Do You Know Your Business Credit Score?


In the current economic environment, business owners understand that a good personal credit score is critical to their financial well-being. But what many neglect is their company’s business credit score. Inextricably linked to a company’s pecuniary health, the score can influence everything from loan interest rates to insurance premiums.
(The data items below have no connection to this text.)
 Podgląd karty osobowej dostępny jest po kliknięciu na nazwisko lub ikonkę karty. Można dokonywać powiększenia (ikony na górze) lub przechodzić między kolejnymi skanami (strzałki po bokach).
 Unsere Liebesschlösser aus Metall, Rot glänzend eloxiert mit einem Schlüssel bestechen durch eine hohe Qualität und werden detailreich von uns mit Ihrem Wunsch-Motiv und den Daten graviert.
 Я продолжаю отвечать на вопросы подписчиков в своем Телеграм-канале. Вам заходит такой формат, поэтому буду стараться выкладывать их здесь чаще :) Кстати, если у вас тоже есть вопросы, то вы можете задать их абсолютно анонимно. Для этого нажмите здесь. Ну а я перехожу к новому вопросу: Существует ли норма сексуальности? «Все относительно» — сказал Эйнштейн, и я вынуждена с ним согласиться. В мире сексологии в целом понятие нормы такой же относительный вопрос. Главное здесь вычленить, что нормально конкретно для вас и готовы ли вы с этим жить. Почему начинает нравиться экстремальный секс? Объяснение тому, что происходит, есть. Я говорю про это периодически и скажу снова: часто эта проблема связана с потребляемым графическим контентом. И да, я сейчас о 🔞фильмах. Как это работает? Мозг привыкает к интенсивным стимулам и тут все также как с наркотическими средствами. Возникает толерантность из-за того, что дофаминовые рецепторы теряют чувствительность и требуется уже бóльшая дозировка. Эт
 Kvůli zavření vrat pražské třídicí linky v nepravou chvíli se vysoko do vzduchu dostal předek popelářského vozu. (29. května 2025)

The business credit score offers an objective snapshot of how a company handles its financial responsibilities, as a personal credit score does for an individual. Also known as a commercial risk score, it includes a range of information from payment history and credit utilization to delinquencies, collections, bankruptcies, and judgments to even business age, industry risk, and number of employees. Dan Meder, vice president of marketing and product management for business information services at the global information services company Experian, says credit bureaus such as his use certain algorithms that examine key risk factors to express as a score the likelihood that a business will repay its debts.

Despite the business climate, Experian’s Business Benchmark Report, which offers a monthly analysis of small business health, shows that commercial credit scores have been on the rise. For the first quarter of 2010, scores increased by nearly 2%, suggesting a slight improvement in the ability of companies to meet payment obligations over the next 12 to 24 months.
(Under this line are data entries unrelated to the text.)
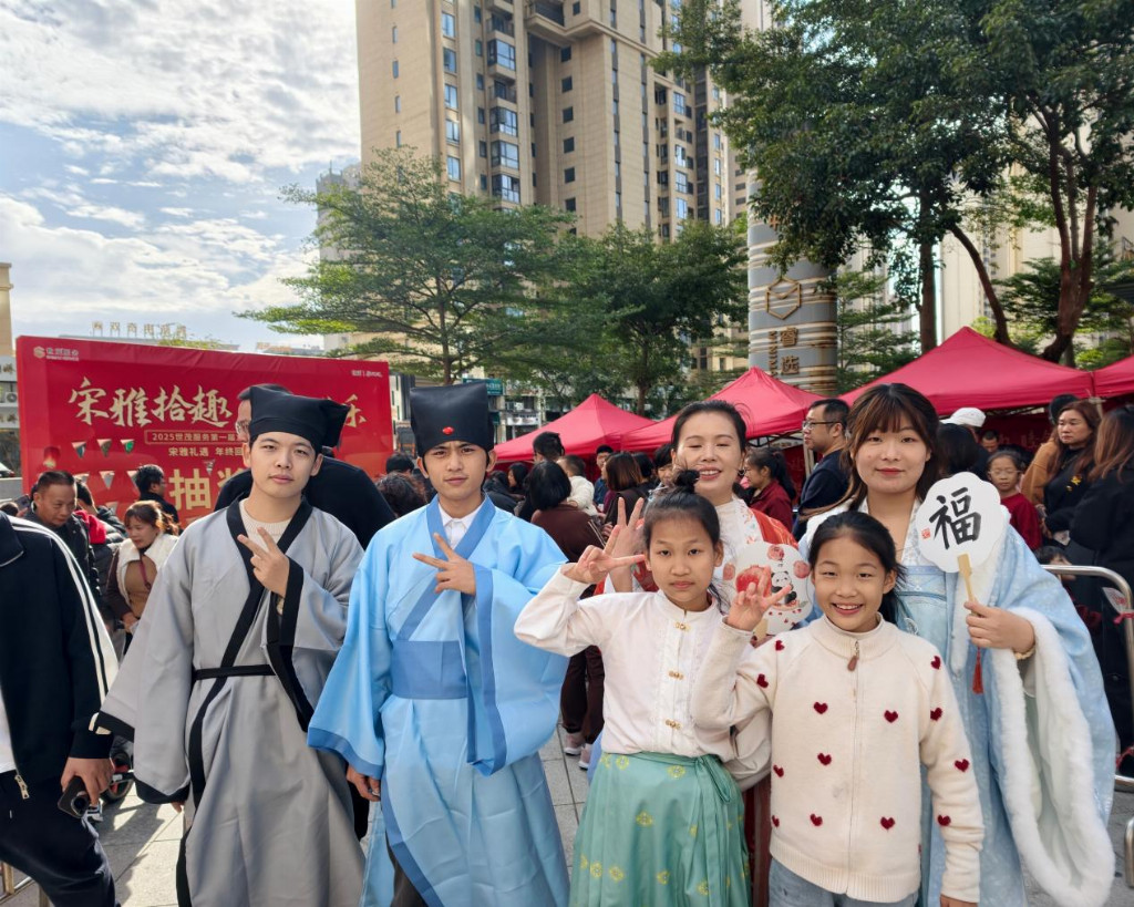 承袭宋朝集市的烟火雅韵,结合暖冬邻里相聚的美好期许,世茂服务东南区域石狮世茂摩天城物业服务中心精心组织一场集宋风体验、舌尖美味、互动狂欢与感恩回馈于的多重游玩盛宴,吸引业主踊跃参与,让冬日的小区满是暖意与欢笑。
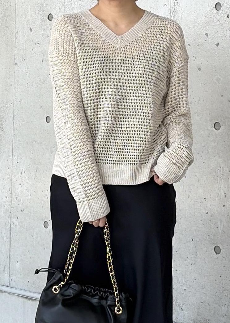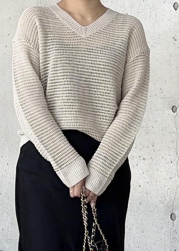 予約ROPÉリネン畦編みVネックニット/イージーケアベージュ / F¥24,200レビュー162センチ 普段トップス38サイズ
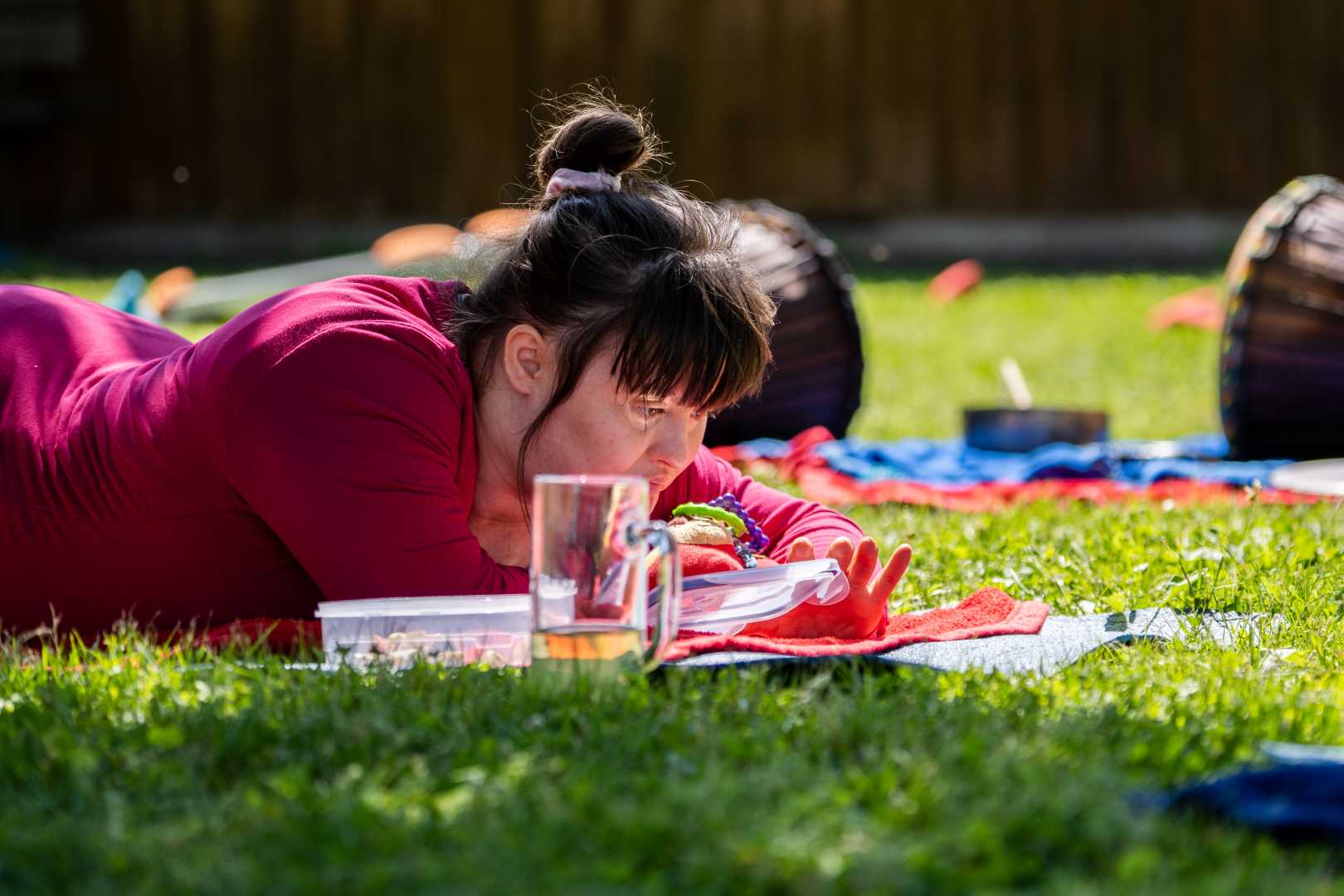 | alt: | Mehrere Personen sitzen auf einer Wiese und spielen Trommeln. |
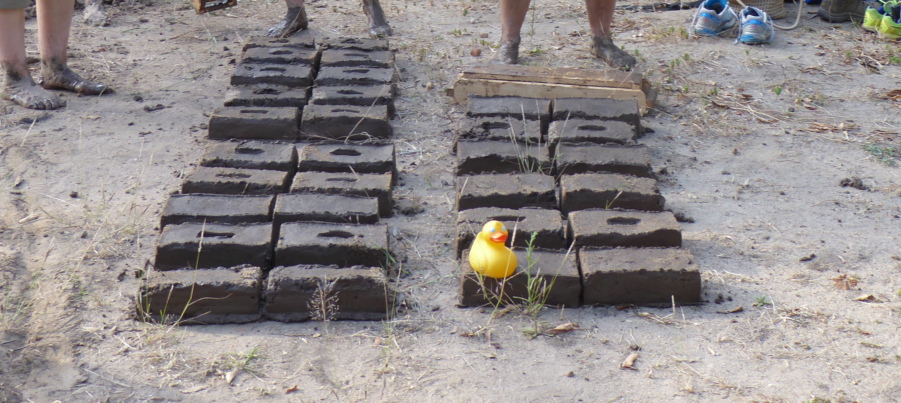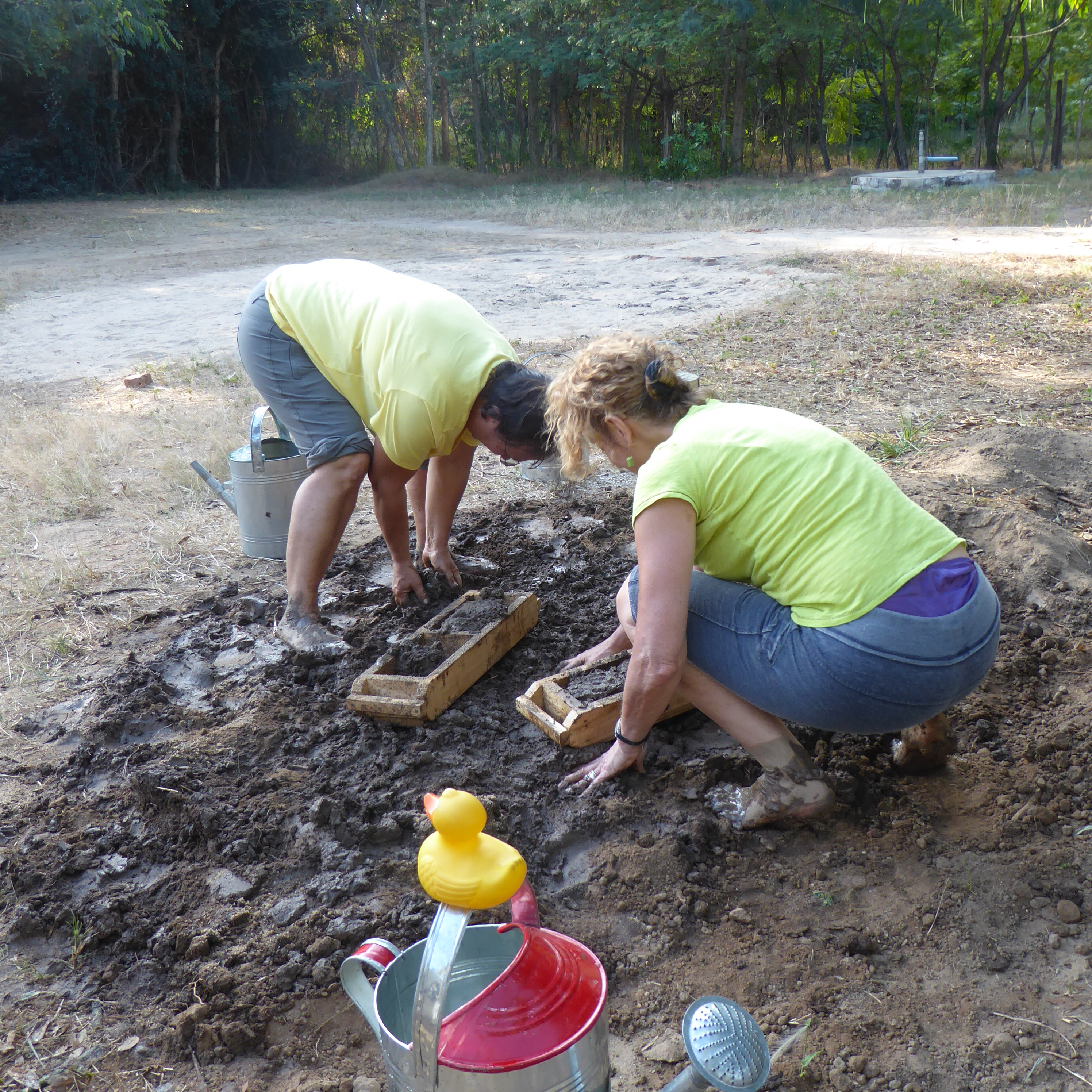 Ripple Africa teaches about reforestation and is involved with the local community to plant trees.   Also at the nursery, the human volunteers made bricks.   First they removed their shoes, put water in the dirt, and walked barefoot, mixing the dirt and water to make mud.   Then the mud was put into molds for bricks.

But just how many business owners actually understand commercial credit scores? Many entrepreneurs don’t know about business credit ratings as a whole. “It’s not in the business psyche,” says Arlene Williams, executive vice president of Seaway Bank and Trust Co. (No. 8 on the BE Banks list with $385 million in assets). “A lot of businesses just aren’t aware they exist.”
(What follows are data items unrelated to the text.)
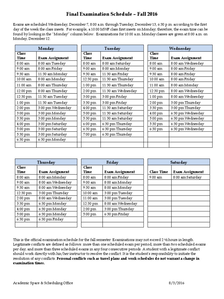 This is the official examination schedule for the fall semester. Examinations may not exceed 2 hours in length.
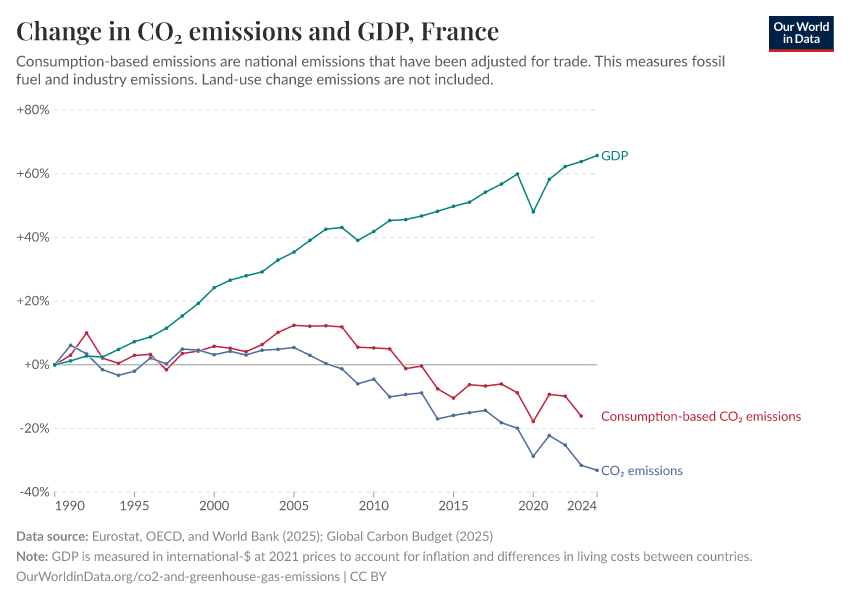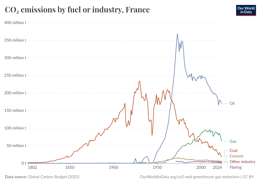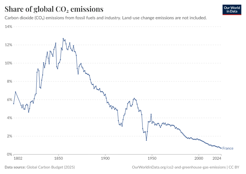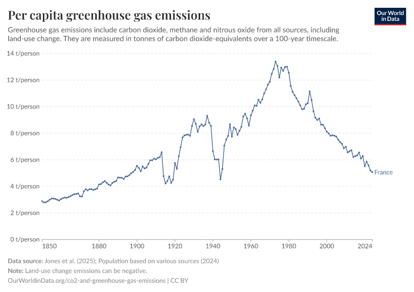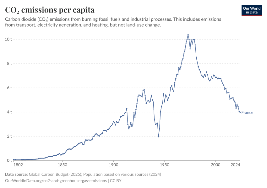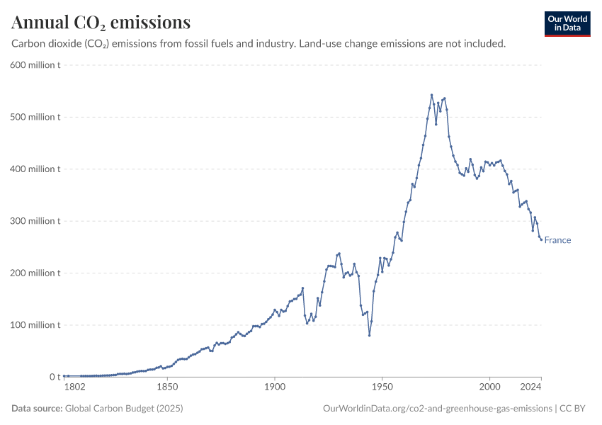 Hannah Ritchie (2025) - “CO₂ and Greenhouse Gas Emissions” Published online at OurWorldinData.org. Retrieved from: 'https://ourworldindata.org/profile/co2/france' [Online Resource]BibTeX citation
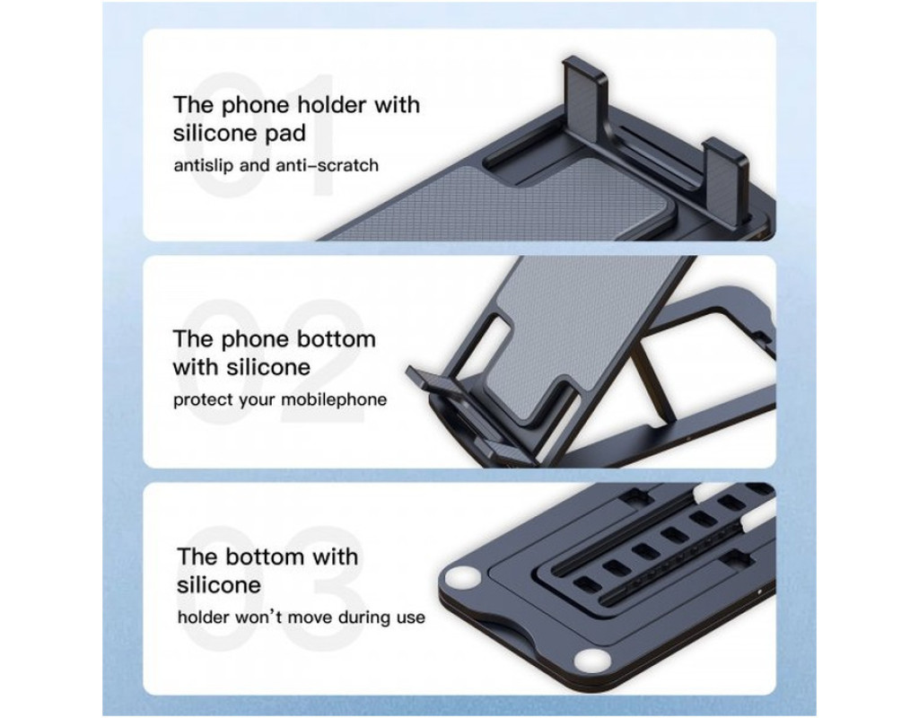 - Стабільний та міцний: кронштейн з алюмінієвого сплаву та протиковзна металева основа роблять цей тримач телефону більш стійким та довговічним. Силіконова підставка преміум-класу та силіконові накладки на дні захищають як телефон, так і підставку від ковзання та подряпин.
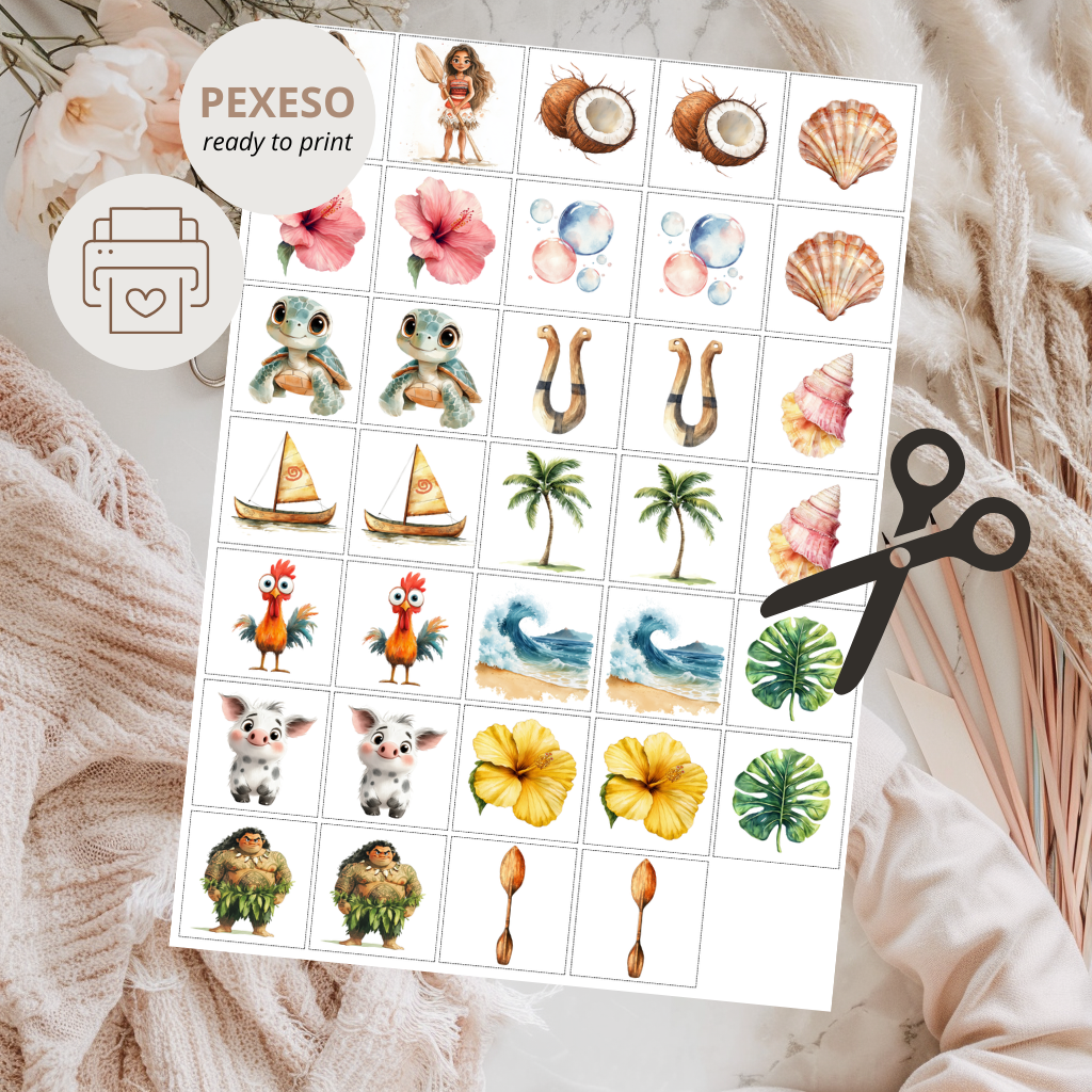 Digitální PEXESO připravené k tisku v tématu Vaiany

“Many of the small businesses we work with have not developed a business credit score yet,” says Lesia Bates Moss, president of Seedco Financial , a national nonprofit community finance organization focused on lending to small businesses in traditionally underserved communities.

“Small business owners might think of their consumer credit report as their business credit report,” says Ross McKay, vice president of commercial information solutions for Equifax Inc., one of the leading consumer credit reporting agencies in the U.S. “But they need to understand that in many cases, there is a separate business credit report.”

Of course, lack of knowledge doesn’t exempt business owners from being rated.

When is the report established?
Companies can have a business credit score without even knowing it, notes Meder. Usually, as soon as businesses establish a relationship with banks and vendors that consistently report to credit bureaus, credit agencies begin to generate commercial reports about them.